Condoms and such

p*nis (not sure what we are allowed to say here, lol)
Of course you can say "penis" here. Why wouldn't you be allowed to say the correct word for a body part? Plus, you can say dick, cock, schlong, piss, shit, fuck, cunt, pussy, vagina, asshole, anus, tits, and blowjob. Just don't use those words to call people names.

That said, if you do decide to insult someone, putting an asterisk in place or one/some of the letters won't get you off the hook, either.

Have a pleasant day!
 
This thread is offering lots of info about bc and pregnancy in poly to our membership in general, but unless the OP shykitten checks back in, there will be no definitive answers. There are too many unanswered questions.

I think she got overwhelmed and left.
 
It is our own responsibility to manage risk tolerance. This morning I kissed one of my partners goodbye as she walked out the door to leave for her commute. My expectation is to eat dinner with her when she arrives home this evening. However, a small probability exists that she may fall victim to a fatal car crash. I am not sitting here sweating with anxiety because even though losing her would hugely impact my entire life, the probability of the loss is within my own manageable risk tolerance. If she were on her way right now to go climb mount Everest, go base jumping, or meeting up with friends to shoot heron; I may feel differently and may even be inclined to de-tangle or exit the relationship due to my own anxiety levels.

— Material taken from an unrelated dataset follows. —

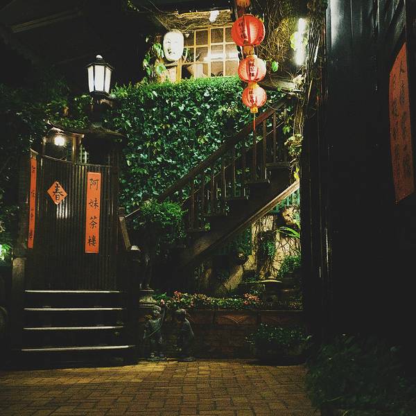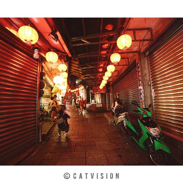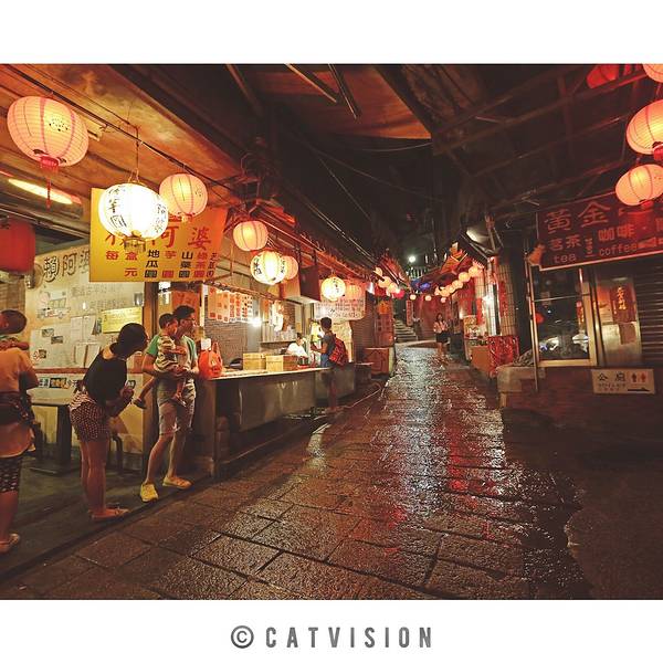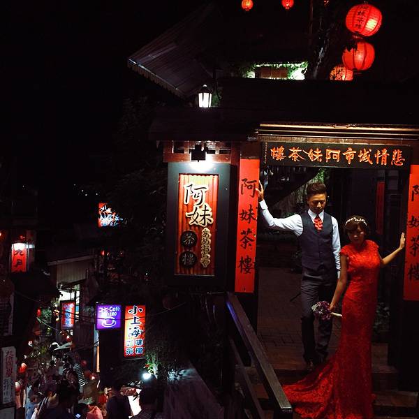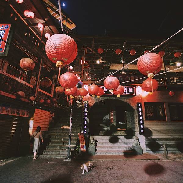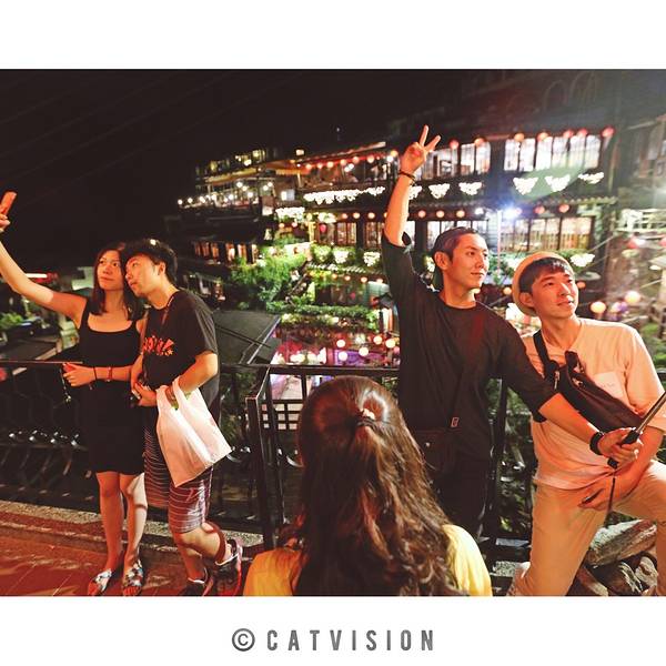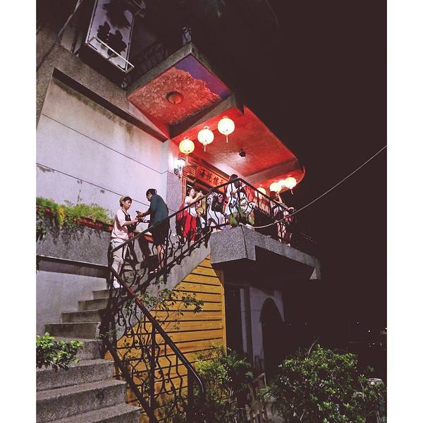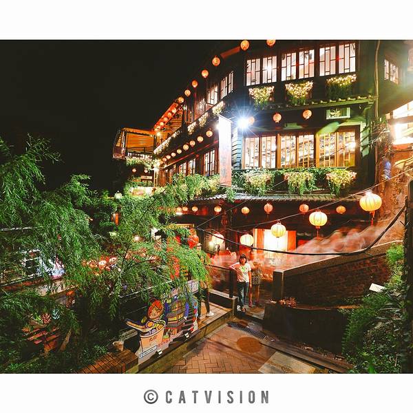 八点的九份,忽然安静了下来,游客陆续离开,店铺大多关门了,恢复了往日的宁静。不过阿妹茶楼这里还是人声鼎沸,谁让这里是九份的地标建筑呢~当年来九份都没好好逛过~这次总算看到了这热闹的场景。由于没带脚架,只能把相机搁在一旁的石柱上来了一张。后来发现对面这个茶楼才是拍摄阿妹茶楼的最佳取景位置,于是火速跑去,抢占有利地形。大家有序地排着队,等待着最佳机位~这两对cp拍的那叫一个起劲啊哈哈~你在拍风景的同时,不经意间也成为了别人眼中的风景~延绵不绝的小红灯笼与青石板路组成了最美的九份夜景,也让人想起了《千与千寻》中的不少场景。不知道这算不算在蹭《千寻》的热点呢哈哈~就在我们拍摄阿妹茶楼的时候,猫妈眼尖地看到了我们民宿的老板正在带着大家参观,于是我们与大部队汇合,跟着老板一起前往了许多九份的私房景点。

Ultimately the burden of managing risk tolerance falls on the husband. If the OP is saying, "no, I am not willing to family plan with my husband exclusively". That is a perfectly good reason to reconsider the relationship in total. Aligning philosophies in family planning should always be a major tenant of any type of relationship, even if that philosophy is "we wont have a family", people should be aligned in this regard...

The question about whether the husband's request is reasonable falls on the priorities of OP and boyfriend. If a poly couple were to say that they are using PIV abstinence for the purposes of family planning than I would consider it reasonable so long as they were in alignment on the objective and plan. Same thing if more partners are involved, whatever the prevention method is, if everyone is in agreement and aligned with the primary objective, its all good.... I understand that is not the case here...

What makes this situation a bit difficult is that to me, it actually sounds like neither OP or husband has much of a paternity preference... I interpret OPs position as having paternity Indifference, I do not interpret the OPs statement as her specifically wanting to have the boyfriends baby. It also sounds like the husband doesn't want to raise the boyfriends baby, "but probably would". In that regard he does not seem all that passionate about paternity himself, otherwise he would probably not be relying on the morals of a meta who presumably doesn't have any specific loyalty to him for family planning...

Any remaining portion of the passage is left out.